Monday, January 11, 2010

Uncommon Common Sense

I propose that on days of poor air quality in the Kansas City metro area that the driving of cars be banned. The EPA wants to regulate when we can burn because of air quality issues in Kansas City. Let me state that it is my belief that while we may push those air quality numbers to a higher level, pasture burning is not the cause for alarm. The air quality is pushed to the brink because of all the cars being driven in the Kansas City area.

You can't do that, it would hurt your business. Well, I suppose it would and those are the same reasons that limiting burning do not work for those of us in the Flint Hills. Research has proven that fire is necessary to maintain the integrity of the tallgrass prairie. Kansas State University research has also proven that cattle eat a more nutritious diet on pastures that have been burned in the spring. Therefore, they gain more weight, they are worth more money when the rancher sells them and the rancher makes more money (or loses less).

The EPA would have us burn at different times of the year. Again, research has proven that earlier burning results in more water running off of the native range increasing soil erosion and allowing less water to infiltrate the ground and causing a lack of soil moisture. They have all of this information and yet they chose to ignore it.

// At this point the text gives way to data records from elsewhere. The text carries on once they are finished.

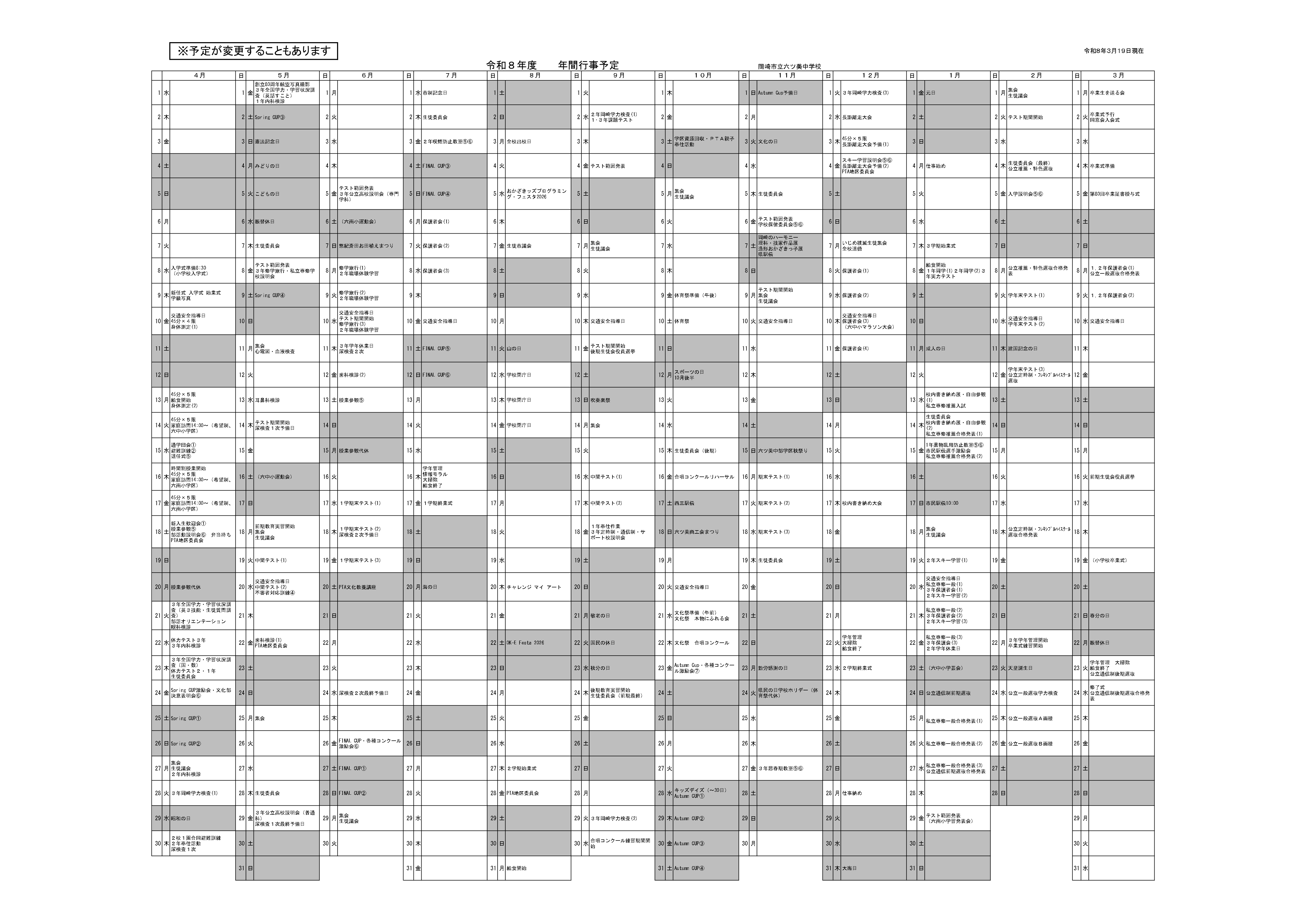 令和8年3月18日現在の予定です。健診関係等、今後変更の場合もあります。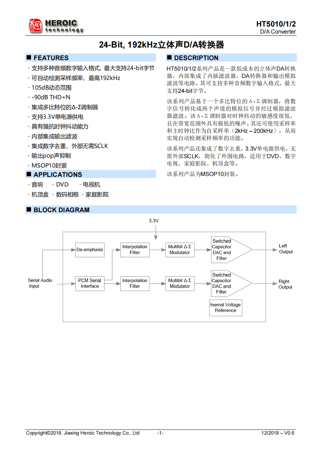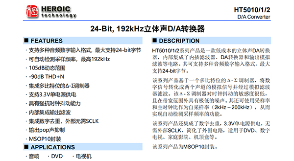 该系列产品还集成了数字去重,3.3V单电源供电,无需外部SCLK,简化了外围电路,适用于DVD、数字电视、家庭影院、机顶盒等。该系列产品为MSOP10封装。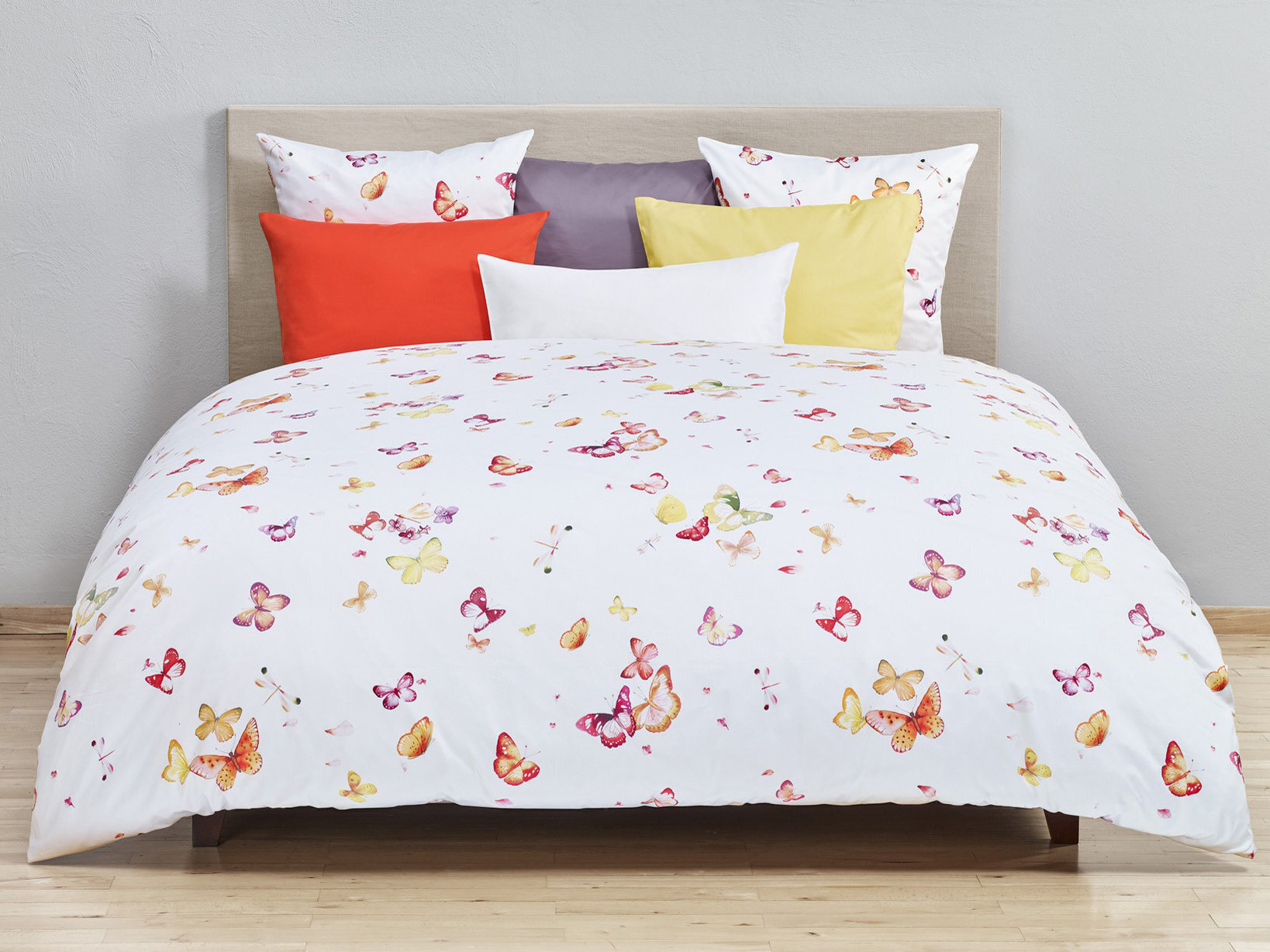 Бабочки, весело танцующие по дизайну постельного белья Mariposa, впервые ожили как акварельная живопись в собственной дизайнерской студии Christian Fischbacher в Швейцарии.
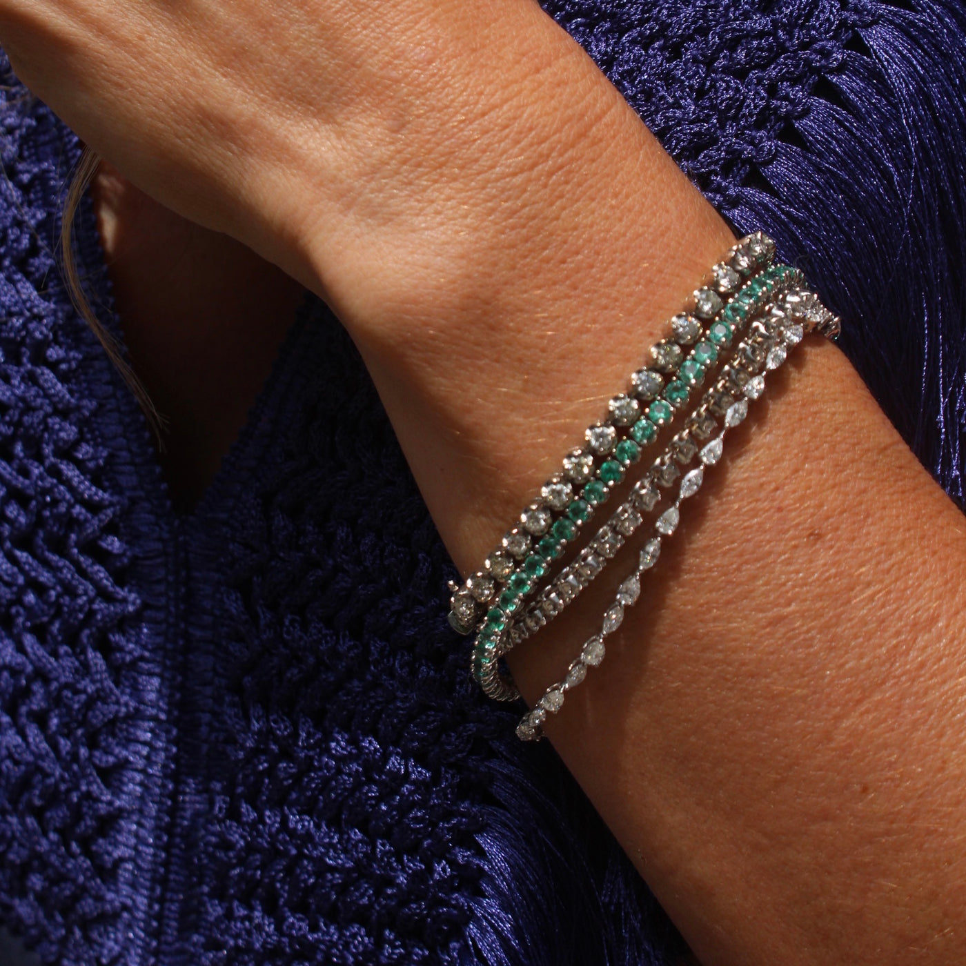 Pulseira Riviera de Diamantes com lapidação Gota e Navete em Ouro Branco 18k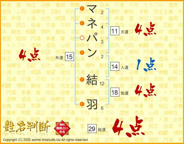 マ(2画)ネ(4画)パ(3画)ン(2画) 結(12画)羽(6画)

What am I asking for. Well, I suppose I am asking for something novel, something very uncommon in government regulatory agencies with political appointees, common sense. All I am asking for is for the EPA to realize that the burning of the Flint Hills tallgrass prairie is necessary and only results in a very short, very temporary blip in air quality and to ignore it. In a matter of hours or days it will go away. In the meantime, we will maintain the last tallgrass prairie in the world. Remember, as ranchers we have spent our whole lives taking care of the prairie and we know what is best. Please contact your congressional representative and the EPA and ask them to use some uncommon, common sense.